** Exercise objective **
Print the listing below only from the line that has "根據(jù)南方財富網(wǎ" through the line that has "日照 | 積雪 | 降雪 |", exactly, and drop any picture.

** Data records **

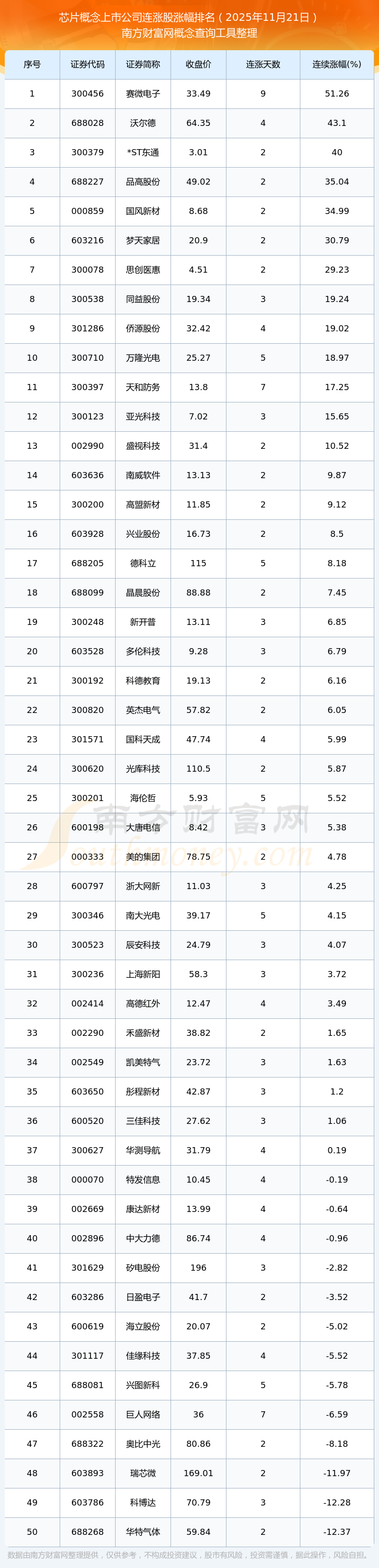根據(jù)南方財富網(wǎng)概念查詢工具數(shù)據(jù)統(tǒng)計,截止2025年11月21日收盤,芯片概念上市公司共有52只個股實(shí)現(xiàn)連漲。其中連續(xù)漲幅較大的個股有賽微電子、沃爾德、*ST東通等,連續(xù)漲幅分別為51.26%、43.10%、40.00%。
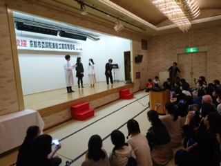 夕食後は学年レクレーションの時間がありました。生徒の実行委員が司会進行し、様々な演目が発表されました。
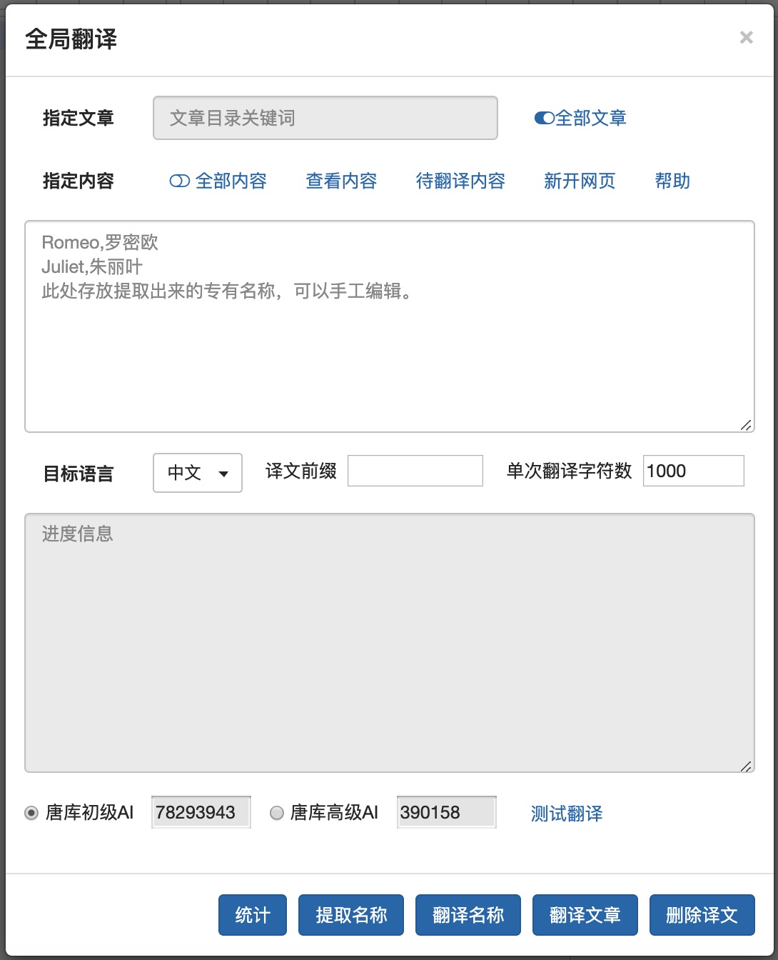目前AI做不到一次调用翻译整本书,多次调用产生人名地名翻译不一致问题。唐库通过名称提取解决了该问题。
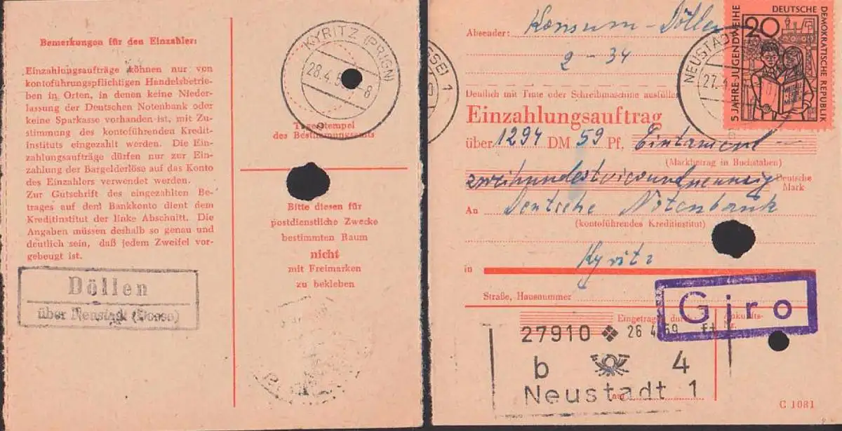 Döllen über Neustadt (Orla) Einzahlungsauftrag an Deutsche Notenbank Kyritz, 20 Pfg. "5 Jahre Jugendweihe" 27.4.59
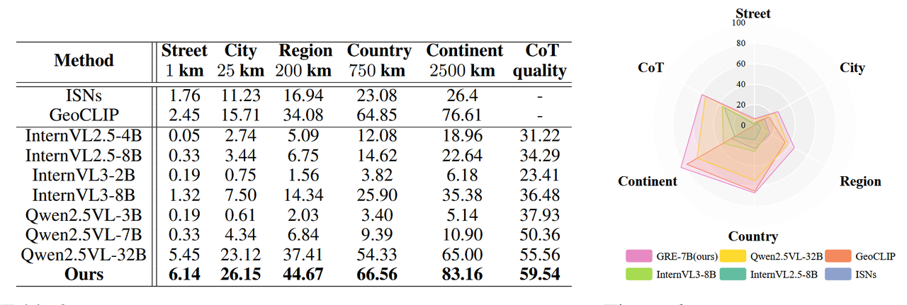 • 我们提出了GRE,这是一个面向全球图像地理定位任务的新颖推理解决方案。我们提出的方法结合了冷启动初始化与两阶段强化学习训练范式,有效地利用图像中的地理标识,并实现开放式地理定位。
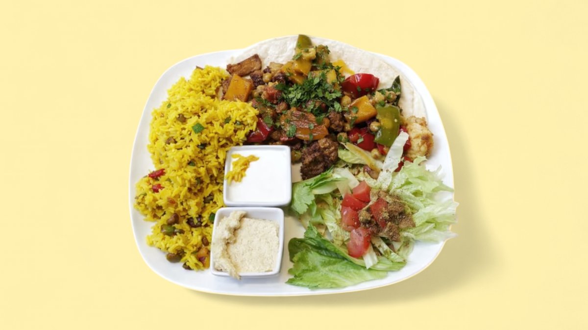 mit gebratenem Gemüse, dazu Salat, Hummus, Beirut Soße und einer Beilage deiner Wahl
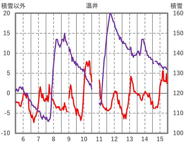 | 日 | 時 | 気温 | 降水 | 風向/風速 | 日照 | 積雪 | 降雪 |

--

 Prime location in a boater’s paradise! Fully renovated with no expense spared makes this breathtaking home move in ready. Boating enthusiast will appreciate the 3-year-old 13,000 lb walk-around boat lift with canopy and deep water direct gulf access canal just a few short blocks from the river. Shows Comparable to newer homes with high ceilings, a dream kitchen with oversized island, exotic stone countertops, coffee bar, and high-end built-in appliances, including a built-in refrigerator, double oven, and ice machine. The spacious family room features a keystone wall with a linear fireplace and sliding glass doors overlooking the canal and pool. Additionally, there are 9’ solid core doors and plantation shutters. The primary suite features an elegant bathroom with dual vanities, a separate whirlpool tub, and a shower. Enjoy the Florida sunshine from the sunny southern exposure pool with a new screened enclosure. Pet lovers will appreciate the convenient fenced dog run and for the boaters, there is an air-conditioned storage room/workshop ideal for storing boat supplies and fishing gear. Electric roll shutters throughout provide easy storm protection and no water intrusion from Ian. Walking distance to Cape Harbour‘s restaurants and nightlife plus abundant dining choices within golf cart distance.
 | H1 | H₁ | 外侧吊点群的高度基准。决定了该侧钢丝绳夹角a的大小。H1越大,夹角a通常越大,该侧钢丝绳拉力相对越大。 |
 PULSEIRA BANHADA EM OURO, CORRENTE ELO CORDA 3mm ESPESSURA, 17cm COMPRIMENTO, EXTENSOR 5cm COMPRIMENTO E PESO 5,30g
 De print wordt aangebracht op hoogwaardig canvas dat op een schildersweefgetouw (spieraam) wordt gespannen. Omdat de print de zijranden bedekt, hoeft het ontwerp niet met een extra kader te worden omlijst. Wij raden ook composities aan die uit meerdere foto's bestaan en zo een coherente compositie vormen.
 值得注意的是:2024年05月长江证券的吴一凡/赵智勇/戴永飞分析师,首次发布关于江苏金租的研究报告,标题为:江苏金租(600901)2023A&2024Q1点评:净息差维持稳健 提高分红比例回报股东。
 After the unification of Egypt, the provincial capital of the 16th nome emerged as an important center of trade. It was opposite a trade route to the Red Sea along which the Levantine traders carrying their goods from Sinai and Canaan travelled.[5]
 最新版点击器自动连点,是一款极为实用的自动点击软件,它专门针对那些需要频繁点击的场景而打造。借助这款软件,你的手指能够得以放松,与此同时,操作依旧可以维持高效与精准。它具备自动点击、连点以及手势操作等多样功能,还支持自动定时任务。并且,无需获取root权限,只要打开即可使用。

** Finished task **
根據(jù)南方財富網(wǎng)概念查詢工具數(shù)據(jù)統(tǒng)計,截止2025年11月21日收盤,芯片概念上市公司共有52只個股實(shí)現(xiàn)連漲。其中連續(xù)漲幅較大的個股有賽微電子、沃爾德、*ST東通等,連續(xù)漲幅分別為51.26%、43.10%、40.00%。
 夕食後は学年レクレーションの時間がありました。生徒の実行委員が司会進行し、様々な演目が発表されました。
目前AI做不到一次调用翻译整本书,多次调用产生人名地名翻译不一致问题。唐库通过名称提取解决了该问题。
 Döllen über Neustadt (Orla) Einzahlungsauftrag an Deutsche Notenbank Kyritz, 20 Pfg. "5 Jahre Jugendweihe" 27.4.59
 • 我们提出了GRE,这是一个面向全球图像地理定位任务的新颖推理解决方案。我们提出的方法结合了冷启动初始化与两阶段强化学习训练范式,有效地利用图像中的地理标识,并实现开放式地理定位。
 mit gebratenem Gemüse, dazu Salat, Hummus, Beirut Soße und einer Beilage deiner Wahl
 | 日 | 時 | 気温 | 降水 | 風向/風速 | 日照 | 積雪 | 降雪 |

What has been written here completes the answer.